BRIEF DESCRIPTION OF THE FIGURES
The present invention is illustrated by way of example and not limitation in the accompanying figures.
FIG. 1 illustrates a system and a processor including logic for prefetching based on register tracking according to an embodiment of the present invention.
FIG. 2 illustrates an architected register tracker according to an embodiment of the present invention.
FIG. 3 illustrates a p-cache according to an embodiment of the present invention.
FIG. 4 illustrates a p-engine according to an embodiment of the present invention.
FIG. 5 illustrates a method of prefetching based on register tracking according to an embodiment of the present invention.
FIG. 6 illustrates a method of prefetching chaining based on register tracking according to an embodiment of the present invention.

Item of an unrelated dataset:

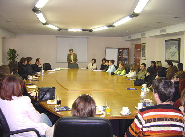 Формата на масата не поставя участниците в противоположни позиции, подсказано е и мястото на водещия. Осветлението е равномерно над всички места и подчертава овалността на масата.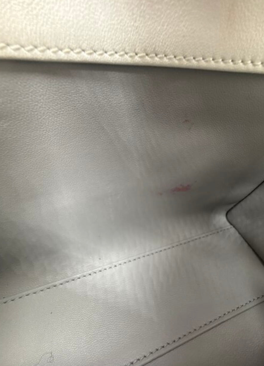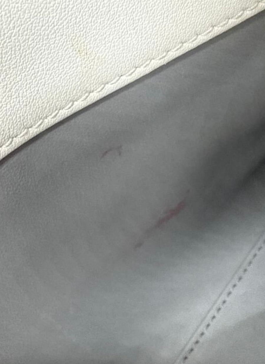 Christian Dior Leather & Metal Embellished Mini Lady Dior Bag - Authentic This stunning Dior bag is in absolutely amazing pre-owned condition. It was carried a few times, and it spent the rest of the time sitting in the closet. There are no scratches, no bottom corner wear, or scuffing to the leather. This is a fabulous bag! It is the Mini size in white leather. Comes with dust bag, authenticity card and booklet ( no box), Interior is suede, one zipper pocket inside. Comes with adjustable shoulder strap which is also stamped "CD" on hardware. Condition: There are 3 faint marks, One pinhole sized dot on the flap (see birds eye view image),

The following description describes embodiments of techniques for prefetching based on register tracking. In the following description, numerous specific details such as processor and system configurations are set forth in order to provide a more thorough understanding of the present invention. It will be appreciated, however, by one skilled in the art that the invention may be practiced without such specific details. Additionally, some well known structures, circuits, and the like have not been shown in detail, to avoid unnecessarily obscuring the present invention.
Embodiments of the present invention provide techniques for prefetching data, where data may be any type of information, including instructions, represented in any form recognizable to the data processing apparatus in which the techniques are used. The data may be prefetched from any level in a memory hierarchy to any other level, for example, from a main system memory to a level one (“L1”) cache, and may be used in data processing apparatuses with any other levels of memory hierarchy, between, above, or below the levels from and to which the prefetching is performed. For example, in a data processing system with a main memory, a level two (“L2”) cache, and an L1 cache, the prefetching techniques may be used to prefetch data to the L1 cache from either the L2 cache or main memory, depending on where the data may be found at the time of the prefetch, and may by used in conjunction with any other hardware or software based techniques for prefetching to either the L1 or the L2 cache, or both.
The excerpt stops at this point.